Content starts
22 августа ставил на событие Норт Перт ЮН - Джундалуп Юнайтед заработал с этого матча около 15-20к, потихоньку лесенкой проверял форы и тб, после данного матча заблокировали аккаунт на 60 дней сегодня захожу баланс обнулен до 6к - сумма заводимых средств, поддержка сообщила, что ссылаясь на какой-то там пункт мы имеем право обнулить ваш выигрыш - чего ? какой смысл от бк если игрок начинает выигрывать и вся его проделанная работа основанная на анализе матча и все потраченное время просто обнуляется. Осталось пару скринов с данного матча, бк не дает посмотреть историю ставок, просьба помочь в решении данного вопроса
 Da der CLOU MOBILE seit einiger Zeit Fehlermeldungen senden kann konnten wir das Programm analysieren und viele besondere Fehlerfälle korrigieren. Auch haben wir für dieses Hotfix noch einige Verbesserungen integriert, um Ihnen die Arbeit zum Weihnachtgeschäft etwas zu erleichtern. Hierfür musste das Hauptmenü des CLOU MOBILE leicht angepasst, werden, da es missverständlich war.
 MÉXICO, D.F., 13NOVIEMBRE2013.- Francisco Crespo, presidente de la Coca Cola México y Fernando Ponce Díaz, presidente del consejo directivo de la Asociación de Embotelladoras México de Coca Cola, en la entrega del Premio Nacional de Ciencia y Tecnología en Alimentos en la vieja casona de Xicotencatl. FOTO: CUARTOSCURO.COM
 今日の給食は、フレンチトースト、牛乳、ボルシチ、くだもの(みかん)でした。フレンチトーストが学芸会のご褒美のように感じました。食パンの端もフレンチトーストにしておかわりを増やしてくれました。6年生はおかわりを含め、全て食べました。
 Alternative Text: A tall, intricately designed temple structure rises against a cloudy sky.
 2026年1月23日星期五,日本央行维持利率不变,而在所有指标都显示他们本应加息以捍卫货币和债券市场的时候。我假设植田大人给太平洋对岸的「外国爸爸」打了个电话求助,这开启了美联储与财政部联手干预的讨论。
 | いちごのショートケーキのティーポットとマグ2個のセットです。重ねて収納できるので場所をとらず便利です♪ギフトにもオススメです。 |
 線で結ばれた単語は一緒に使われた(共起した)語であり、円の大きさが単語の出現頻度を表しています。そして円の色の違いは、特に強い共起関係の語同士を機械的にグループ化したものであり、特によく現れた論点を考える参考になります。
Content ends
Content starts
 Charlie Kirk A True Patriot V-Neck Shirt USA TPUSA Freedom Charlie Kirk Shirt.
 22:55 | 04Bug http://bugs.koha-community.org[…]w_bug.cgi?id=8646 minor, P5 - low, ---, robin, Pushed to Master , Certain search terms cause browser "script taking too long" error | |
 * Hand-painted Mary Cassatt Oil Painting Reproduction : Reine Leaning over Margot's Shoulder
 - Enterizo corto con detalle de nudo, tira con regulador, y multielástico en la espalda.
Content ends
Content starts
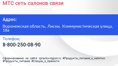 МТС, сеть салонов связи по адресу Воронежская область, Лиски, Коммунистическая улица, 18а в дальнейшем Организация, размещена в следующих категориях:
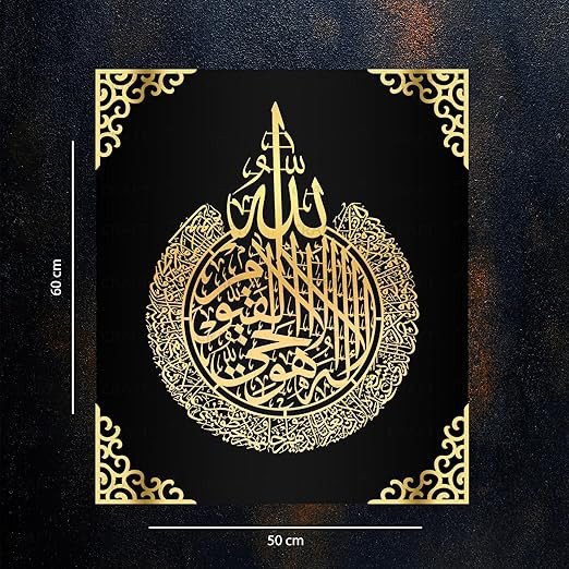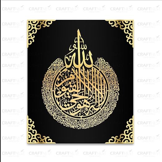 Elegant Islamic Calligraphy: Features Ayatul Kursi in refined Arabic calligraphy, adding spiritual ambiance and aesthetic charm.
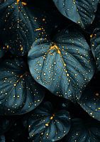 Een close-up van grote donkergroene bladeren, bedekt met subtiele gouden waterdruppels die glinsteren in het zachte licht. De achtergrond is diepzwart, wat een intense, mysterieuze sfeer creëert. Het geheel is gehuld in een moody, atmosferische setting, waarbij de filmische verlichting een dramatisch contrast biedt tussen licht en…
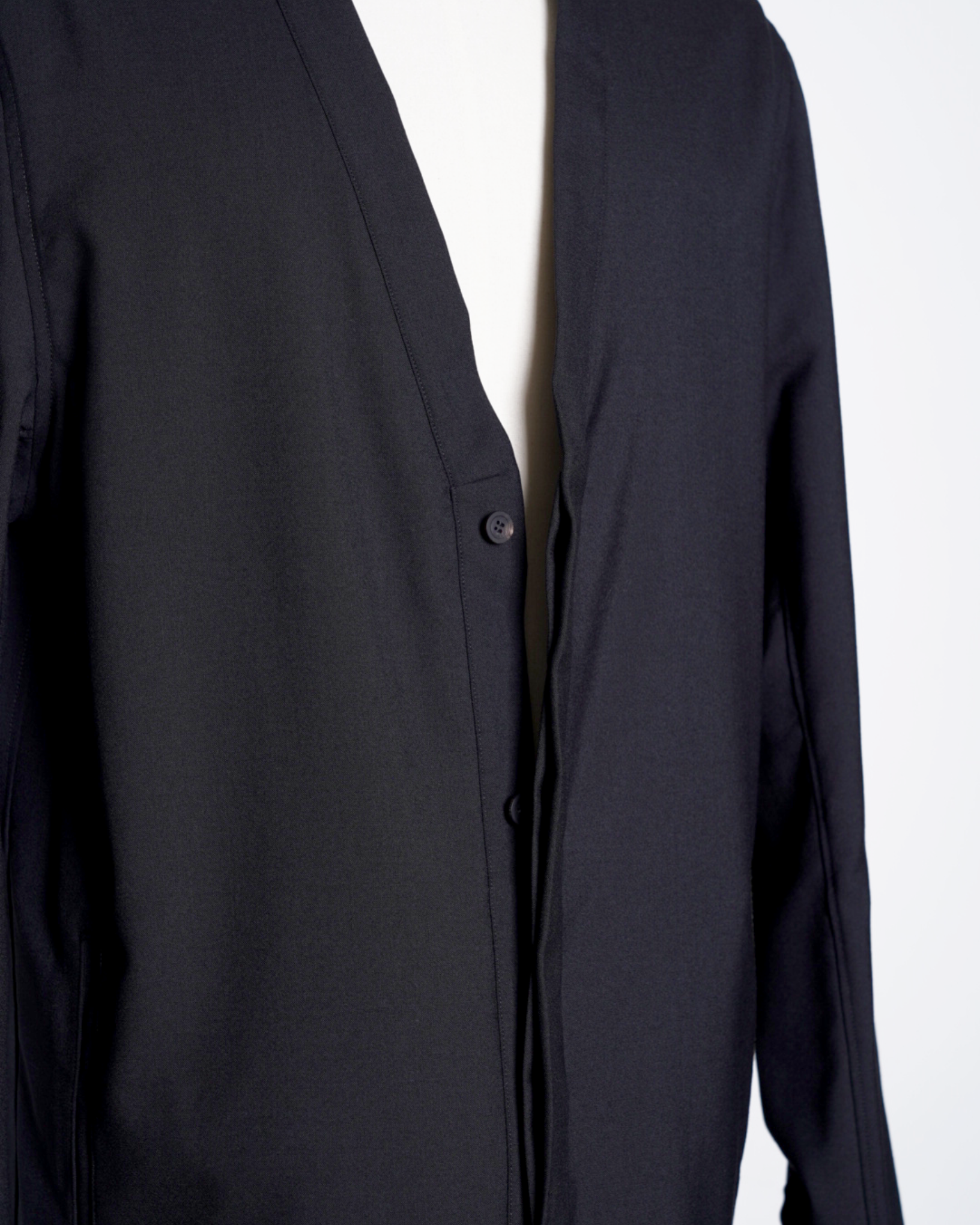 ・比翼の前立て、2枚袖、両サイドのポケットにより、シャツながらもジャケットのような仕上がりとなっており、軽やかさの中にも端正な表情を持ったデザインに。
Content ends
WHAT THIS TASK INVOLVES: Copy out only the lines of the records above from the one with "Charlie Kirk A" through the one with "- Enterizo corto", exactly as they stand, both included.

ANSWER SECTION:
 Charlie Kirk A True Patriot V-Neck Shirt USA TPUSA Freedom Charlie Kirk Shirt.
 22:55 | 04Bug http://bugs.koha-community.org[…]w_bug.cgi?id=8646 minor, P5 - low, ---, robin, Pushed to Master , Certain search terms cause browser "script taking too long" error | |
 * Hand-painted Mary Cassatt Oil Painting Reproduction : Reine Leaning over Margot's Shoulder
 - Enterizo corto con detalle de nudo, tira con regulador, y multielástico en la espalda.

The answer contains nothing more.